Caveats in President Obama’s Stimulus Package

Houston immigration lawyer Annie Banerjee is generally pleased with the new President’s nearly $800 billion Stimulus, except for a few caveats that have crept in “like mice in the flour.”

Many members of Congress are applauding the passage of President Barack H. Obama’s Economic Stimulus Package; even without much bipartisan support it is a landmark achievement and will benefit the country much more than doing nothing during this severe recession. “But at the risk of seeming like a naysayer, I don’t like everything about it,” Ms. Banerjee admits. Her bones of contention primarily rest with apparently misguided proposed immigration policy embedded in the massive bill.

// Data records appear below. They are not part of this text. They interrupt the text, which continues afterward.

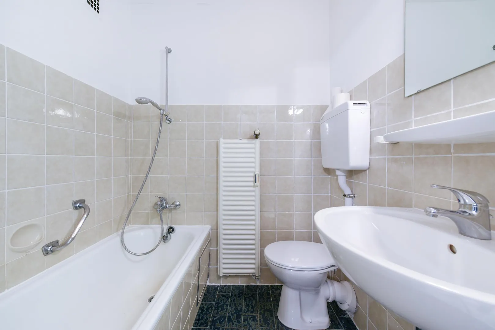 Das halbhoch geflieste Badezimmer ist mit einem Fliesenboden, einer Badewanne, einem WC sowie einem Spiegel ausgestattet.
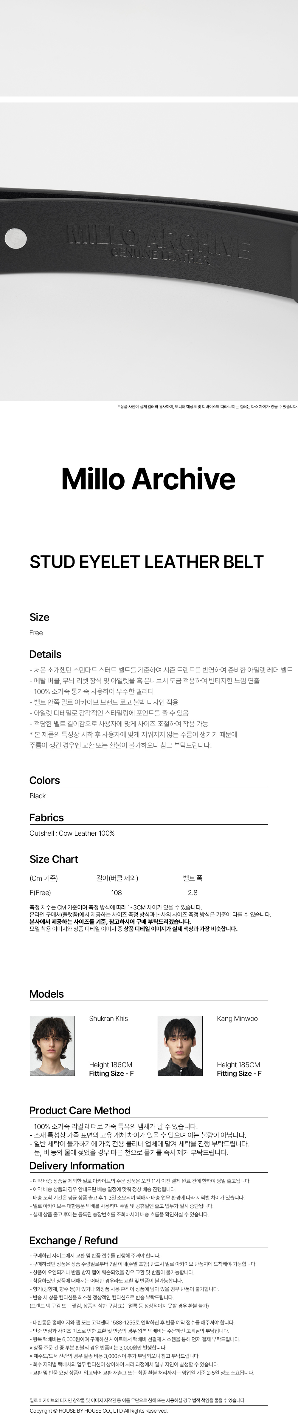 밀로 아카이브 스터드 아일렛 레더 벨트 블랙
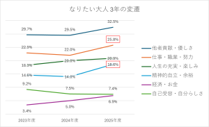 3年間の推移で最も顕著だったのは、「他者貢献・優しさ」を挙げる生徒が、29.7%(2023年)から32.5%(2025年)へと年々増加している点です。
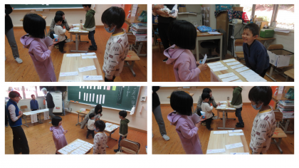 3校時は、1年生教室で国語科の学習を参観してもらいました。漢字とカタカナの学習をしているところを見てもらったり、買い物「ものの名まえ」の学習を生かした「買いもの遊び」に一緒に参加してもらったりしました。新しい1年生に勉強が楽しいことを伝えようと、いつもよりさらに張り切っている様子の1年生たちでした。
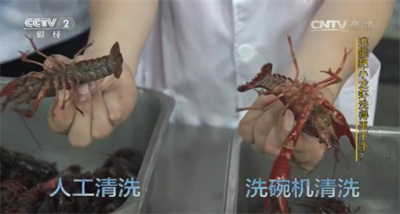 随后,用小龙虾对洗碗机进行了极限洗涤测试,挑选了美味但难洗净的小龙虾分为人机两组进行清洗pk,使用机洗的“预冲洗”程序,机洗比手洗的更干净,而且小龙虾也更有活力。
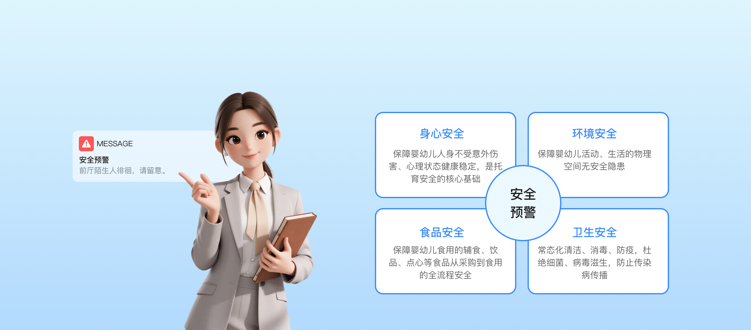 核心优势全流程风险闭环防控。覆盖托育各环节安全隐患,结合实时监测与智能预警,实现风险精准识别、管控。
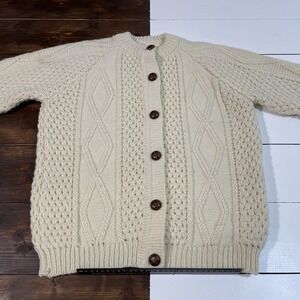 Vintage Cladyknit Irish Fisherman 100% Merino Wool Cardigan Sweater
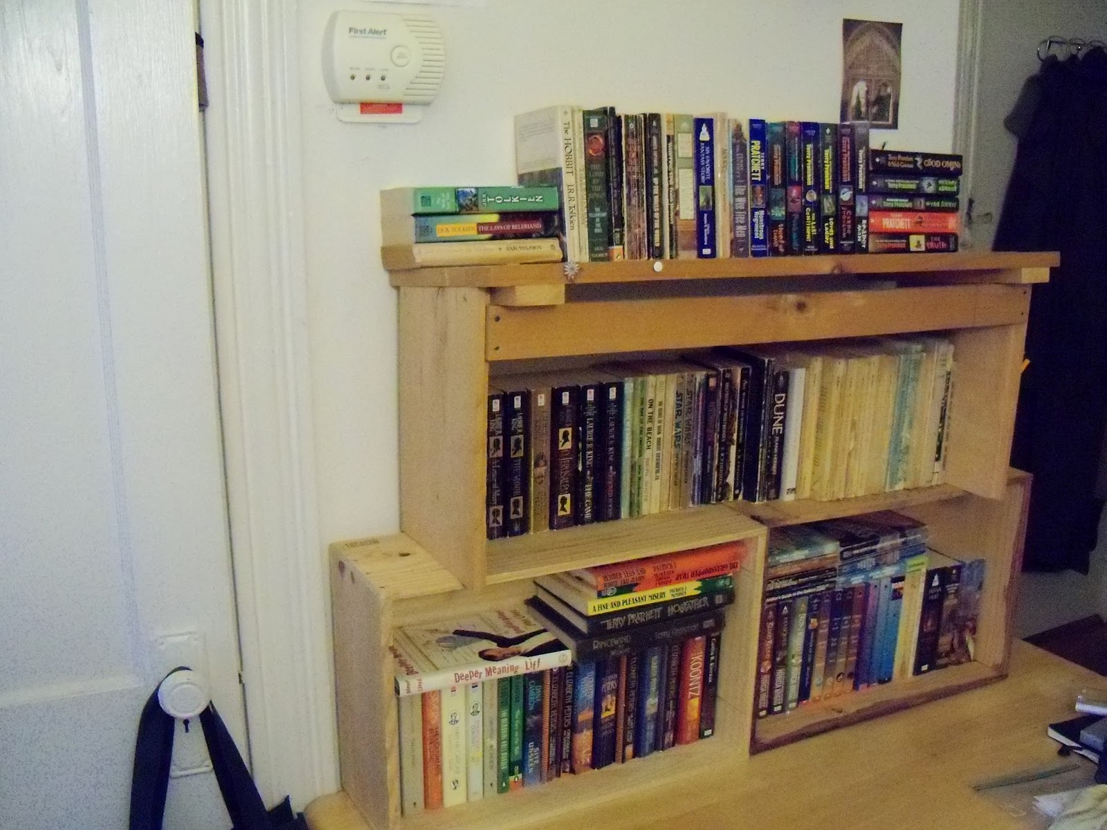 We recently had to mount a rescue mission to Maine to rescue about eight cardboard boxes of books Hanna had stored in an outbuilding on her parents’ land (an outbuilding which had started to leak). The boxes have been living under our kitchen table, but today we spent a few hours unpacking them. Above is the sort of ad hoc shelving you begin constructing when you live in a household with two bibliophiles who have access to all of the $1 used book carts of Boston.
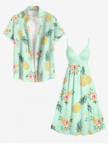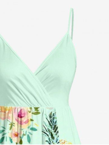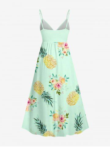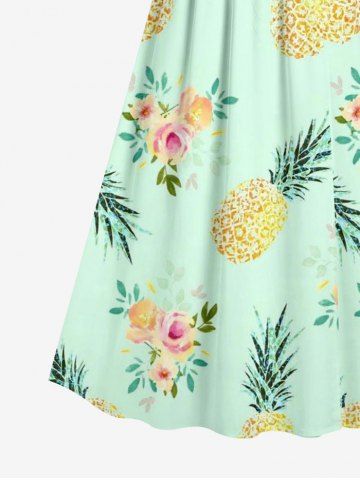 Robe hawaïenne à bretelles croisées, imprimé roses et ananas, grande taille - Vert Clair - Vert Clair
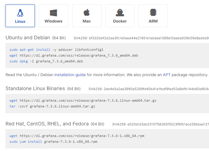 wget https://dl.grafana.com/oss/release/grafana-7.3.6-1.x86_64.rpm
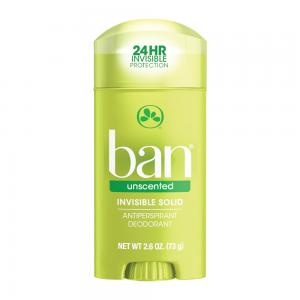 | O Ban Unscented é um desodorante antitranspirante de fabricação canadense com poderosos ingredientes antitranspirantes. |
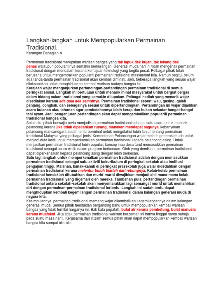 Langkah mempopularkan permainan tradisional. Karangan bahagian a permainan tradisional merupakan warisan bangsa yang tak lapuk dek hujan tak lekang dek panas walaupun popularitinya semakin berkurangan. Langkah langkah untuk mempopularkan permainan tradisional. Kempen ini perlu dijalankan oleh jabatan kebudayaan dan kesenian negara secara terancang dan berkesan dengan kerjasama pihak media cetak dan media elektronik seperti akhbar dan. Pelajar hanya perlu mencari isi isi penting yang sesuai serta mencari peribahasa atau frasa frasa menarik bagi menghasilkan penulisan karangan yang cemerlang.
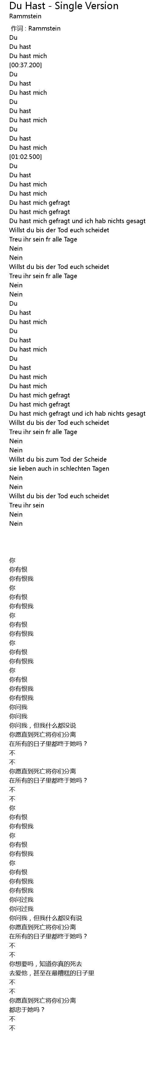 | [01:32.500] | Willst du bis der Tod euch scheidet |
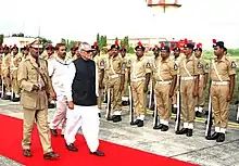 Vice President Shekhawat inspecting guard of honor at Biju Patnaik International Airport.
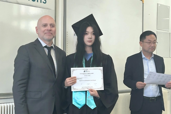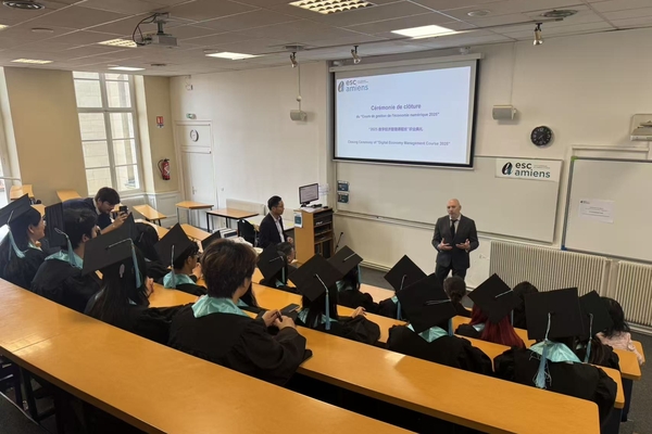 5月21日,法国亚眠高等商学院与我院联合举办的“2025中法数字经济班”在法国亚眠高等商学院举行结业典礼。来自两校的校方代表、教师及14名学员参加本次活动。
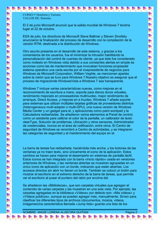 Windows 7 es la versión más reciente del sistema operativo Windows de Microsoft. Fue diseñado para mejorar la interfaz de usuario, incluir nuevas características y mejorar el rendimiento en comparación con versiones anteriores. Se lanzó oficialmente en octubre de 2009 y ha recibido actualizaciones como el Service Pack 1 para mejorar la estabilidad y el rendimiento.
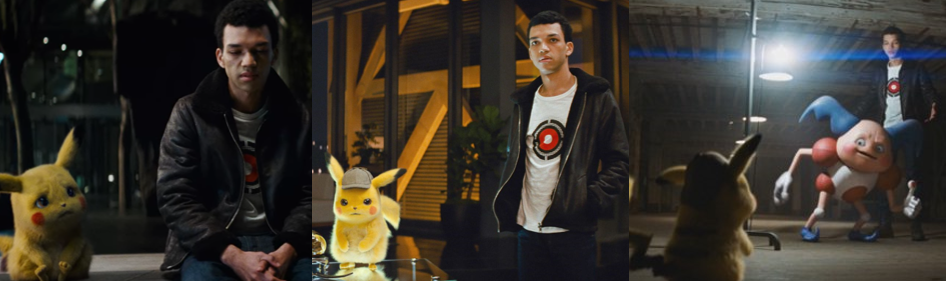 Again, this isn’t something new; the animated features often include characters either wary of or disinterested in Pokémon. Tim was an avid Pokémon fan as a kid; young Tim (Max Fincham) followed and participated in battles, collected the cards, and lived the Pokémon life. However, that all changed when his mother died; this drove a wedge between him and his father, who threw himself into work with the Ryme City Police Department, leaving Tim to be raised by his grandmother (Josette Simon) and grow up resenting both his father and the Pokémon he preferred to spend time with. Rather than growing up to be a Pokémon Trainer, Tim takes up a tedious job in insurance and has no interest in partnering with a Pokémon but ends up lumbered with his father’s cheeky Pikachu partner when he travels to Ryme City following his dad’s sudden death. Tim’s clearly shaken by his father’s demise and wrestling with conflicting emotions. He struggles to express himself when meeting with Harry’s friend, Lieutenant Hideo Yoshida (Watanabe), who relates that Harry always loved his son. This is little comfort to Tim, who’s clearly rattled at being denied the chance to get some closure and just wants to get home as quickly as possible. The deerstalker-garbed Pikachu completely upends that, however, since Tim can strangely understand the pint-sized detective. Tim initially reacts to this with shock and horror, believing he’s either going mad or has been adversely affected by a mysterious purple gas he discovers in Harry’s apartment. Even when he accepts that no one can understand Pikachu but him, Tim is reluctant to assist the Pokémon in figuring out what happened to his partner. Believing he lacks the same detective skills and expertise as his father, Tim repeatedly shuns Pikachu, who latches onto him out of desperation since he’s suffering from amnesia but feels it “in his jellies” that there’s more to Harry’s death than the media and the police want to admit. Pikachu’s insistence is infectious, and Tim reluctantly agrees to help with his investigation, aiding Pikachu by talking to humans for information while Pikachu interrogations Ryme City’s Pokémon. Though he’s uncomfortable carrying Pikachu on his shoulder and indulging his hairbrained theories, Tim proves a great asset when they question Harry’s informant, a Mr. Mime, leading to a hilarious moment where Tim threatens (through pantomime) to light the Pokémon on fire!
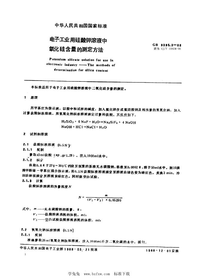 SJ/T 10924-1996 电子工业用硅酸钾溶液中二氧化硅含量的测定方法
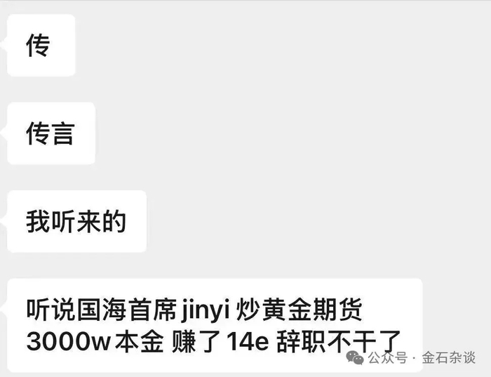上一次听说还是几千万赚了14亿。去年10月28日,根据网络传闻,国海某首席炒黄金期货,用3000万本金赚了14亿,然后辞职不干了。
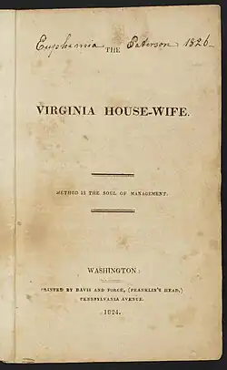 The Virginia House-Wife was first published in 1824; it was republished at least nineteen times before the outbreak of the Civil War.[1] The book was 225 pages long, included nearly 500 recipes,[2] and resulted from Randolph's "practical experience as keeper of a large establishment, and perhaps in the hope of further augmenting the family income."[3] The Virginia House-Wife is considered the first regional American cookbook.[1]
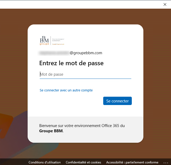 Ne jamais saisir votre mot de passe Microsoft si le logo et le fond BBM n'apparaissent pas sur la page d'authentification
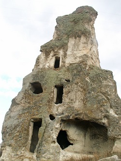 Kayalığın batısında ve yolun alt kısmında yer alan peri bacalarından bir tanesi, zemin kat ile birlikte üç katlı olarak oyulmuştur.
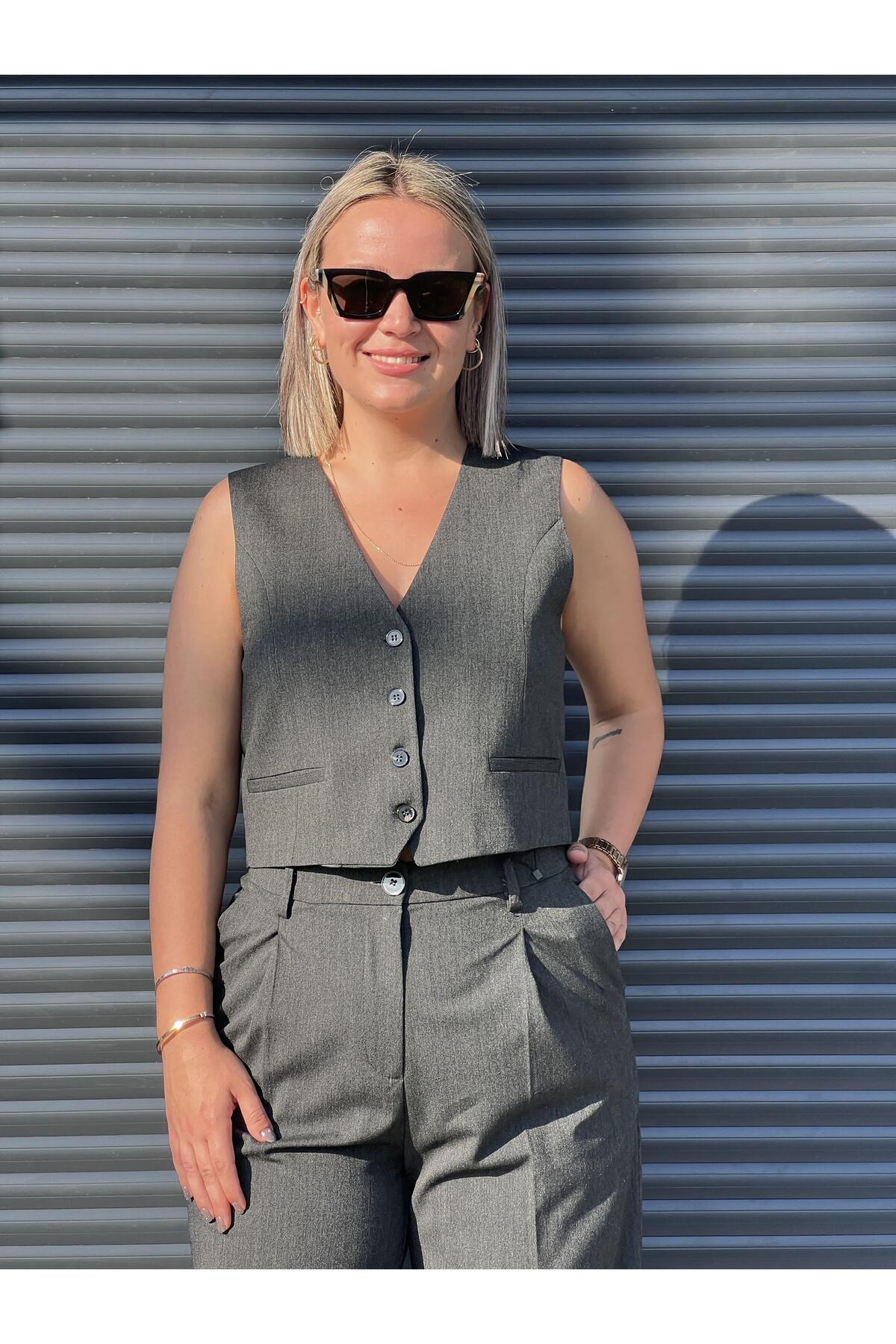 Dilvin Antrasit Düğmeli Yelek Özellikleri
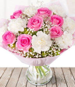 White carnations nestled in amongst pretty pink roses and gypsophila make up this delicate bouquet. Delivered in bud for longevity, these unbeatably priced blooms promise to unfold their magic gradually after reaching the lucky recipient. Sent in our signature Eflorist box for safe transit, this bouquet is sure to enchant the recipient from the moment they open it. Enjoy our nationwide delivery and know exactly when the flowers are delivered with tracking. Eflorist, where value meets beauty.
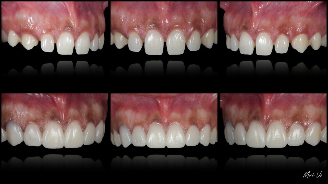 Fig. 49: Mock-up procedures and result in the mouth in order to evaluate the aesthetic relation between the face and the smile.
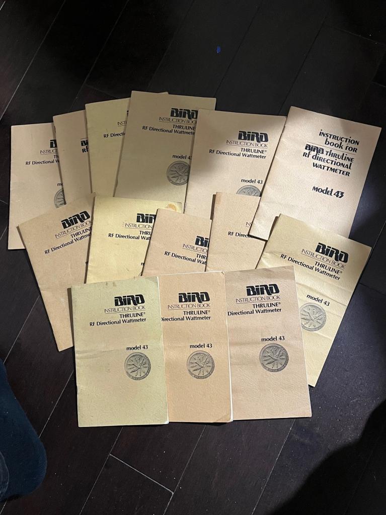 I had 14, I now have 3 original manuals for the BIRD 43 wattmeter. A few are wrinkled or have been folded, but all are complete and readable.
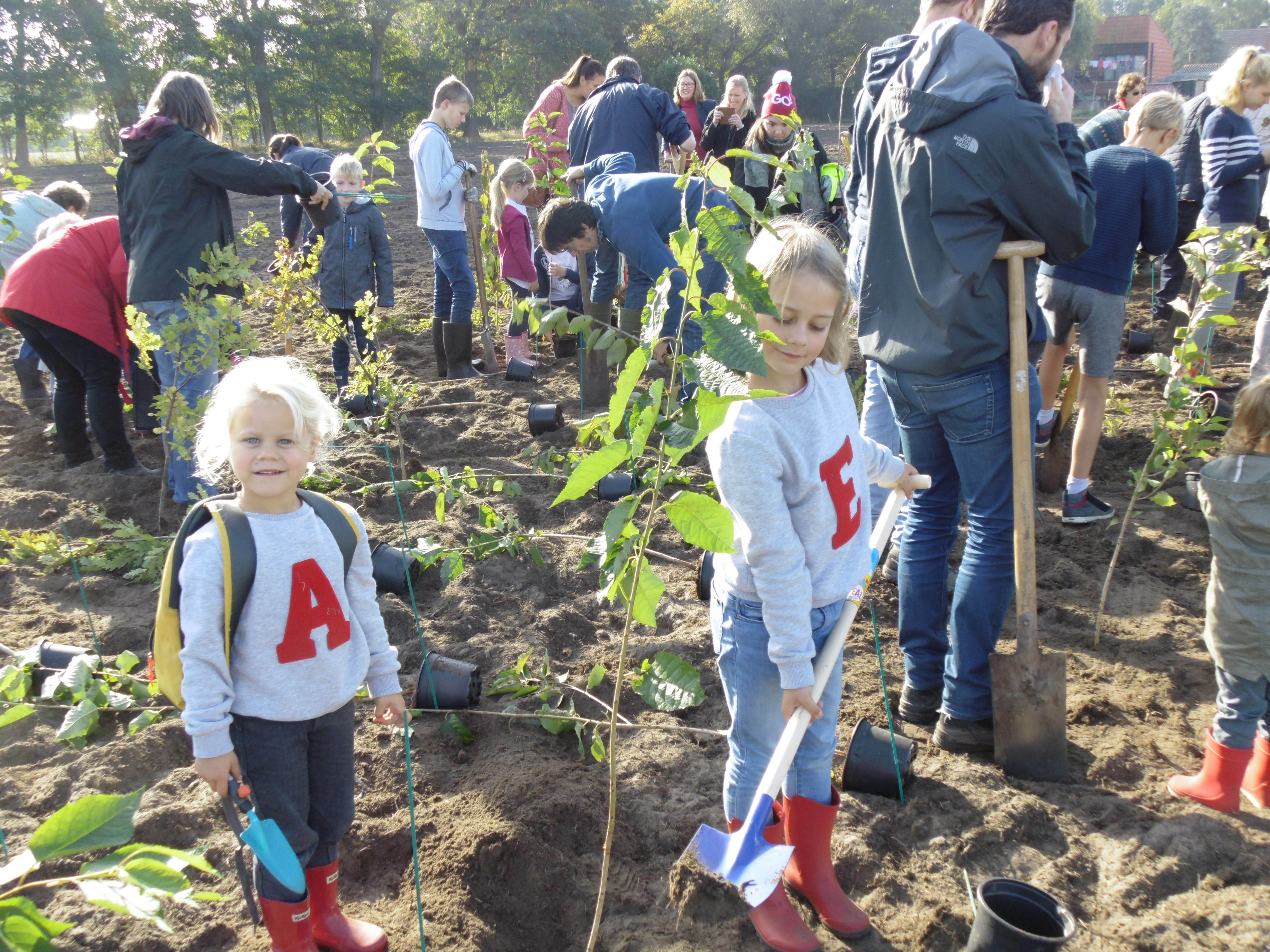 Zo werden de eerste 200 boompjes geplant in de aanwezigheid van een mooie herfstzon. Basisschool De Regenboog zal gebruik kunnen maken van ons bos als recreatiegebied. Het bos wordt officieel gedoopt als het 'Regenboogbos'.

Not everyone in Congress has been cheering the President on. Immigration is a home for naysayers, with few Republicans even voting for President Obama’s Stimulus Package in its entirety, let alone supporting any provision regarding immigration matters that smells liberal or progressive. Republicans and some Democrats from what used to be called “Red” states have not given up about leveraging the economic recession to promote insular, protectionist, “Pat Buchanan-like” policies. These politicians murmur that in order to regain our economic footing, immigrants must be denied admission and prevented from gaining employment in the United States (or else they must be removed if already here). An amendment to the Stimulus Bill, offered by Senators Sanders (Independent-Vermont) and Grassley (Republican-Iowa), is a caveat that Ms. Banerjee opposes. “The net effect of this amendment is that banks and other institutions receiving funding under the financial industry bailout program (passed during the waning days of the Bush Administration just a few months ago) will be virtually prevented from hiring any foreign nationals, or even extending the Visas of already employed foreign workers for a 2-year period,” she says, “In other words, if an employer wants to hire a new H-1B worker, they will assume the obligations of H-1B dependent employers. This is awful. With this provision hiding in the Bill, the stimulus is a lot less stimulating.” A second thought in Ms. Banerjee’s mind is the Kingston E-Verify amendment. “Even voluntary E-Verify has been beset with problems since it was introduced in 1997. I can just imagine what a mandatory E-Verify federal policy will mean, and what I’m imagining isn’t pretty.”